U of L researchers studying cells in glioblastoma
RESEARCHERS STUDYING HOW BRAIN CANCER CELLS BYPASS CELL-DEATH PATHWAYS
Brain cancer is one of today’s most aggressive, incurable diseases. But now the findings of a University of Lethbridge cancer research team, being shared worldwide, may lead to better outcomes. Glioblastoma (GBM), the brain cancer that killed Gord Downie of The Tragically Hip and former American senator John McCain, has a dismal prognosis and survival rate.
“The median survival rate is about 15 months, even after chemotherapy, surgical removal of the tumour and radiation therapy,” says Lethbridge researcher Nehal Thakor.
“We are trying to understand how these cancer cells bypass cell-death pathways.”
Cell death is a normal and controlled part of their growth and development. But in glioblastoma, cancer cells evade death — even after treatment — and they continue to multiply in an uncontrolled fashion.
Thakor, a professor in the chemistry and biochemistry department at U of L, is also the Campus Alberta Innovation Program Chair of Synthetic Biology and RNA-based Systems.
He’s leading a team that is focusing on mRNA (messenger RNA) and the factors that regulate how it’s involved in cell survival mechanisms. Messenger RNA carries genetic information from DNA to the ribosome, the part of the cell in charge of protein synthesis that allows important bodily functions to be carried out.

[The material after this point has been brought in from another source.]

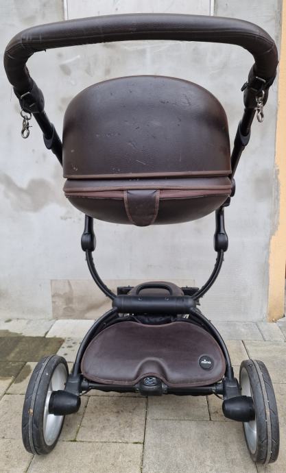 Prodam otroški voziček mima xari z ogrodjem 2v1 – košara in športni sedež; na fotografiji v oglasu je prikazan v različici s športnim sedežem.

In research accepted for publication this spring, Thakor and his team explain that they are looking into eukaryotic initiation factor 5B, described as a protein involved “in the accurate initiation of translation from mRNA to protein.”
“What we’re really trying to understand is how these cancer cells are so good at surviving when they’re not supposed to,” says researcher Joe Ross, a post-doctoral fellow in Thakor’s lab.
“Why are they so good at surviving chemotherapy and radiation? It turns out that one of the things they’re really good at doing is translating proteins and the wrong types of proteins when they’re not supposed to.”
Master’s student Kamiko Bressler, also part of the seven-member team, explains the 5B protein has been shown to play an important role in “normal translation.”
“But when cancer cells hijack normal processes and make them do abnormal things or make too much of certain proteins, that can cause the cells to evade . . . programmed cell death.”
“Glioblastoma is especially good at that, which is why it’s so hard to treat.”
The U of L findings are about to be published for peer review in the research journal Cell Death & Disease. Their study is titled “Eukaryotic initiation factor 5B (eIF5B) provides a critical cell survival switch to glioblastoma cells via regulation of apoptosis.”
Currently, the team is working with braintumour stem cells to see if the cancer cells will grow in the absence of the 5B protein, or if they become more sensitized to therapeutic interventions. These stem cells are the main cause of relapse.
Says Thakor, “If we can target eIF5B using a small molecular compound, then we can treat not only glioblastoma but other types of cancer that have similar mechanisms in place.”
“This proof-of-concept project has the potential to decode information related to the clinical management of GBM, and will have an important beneficial impact on the health of Canadians.”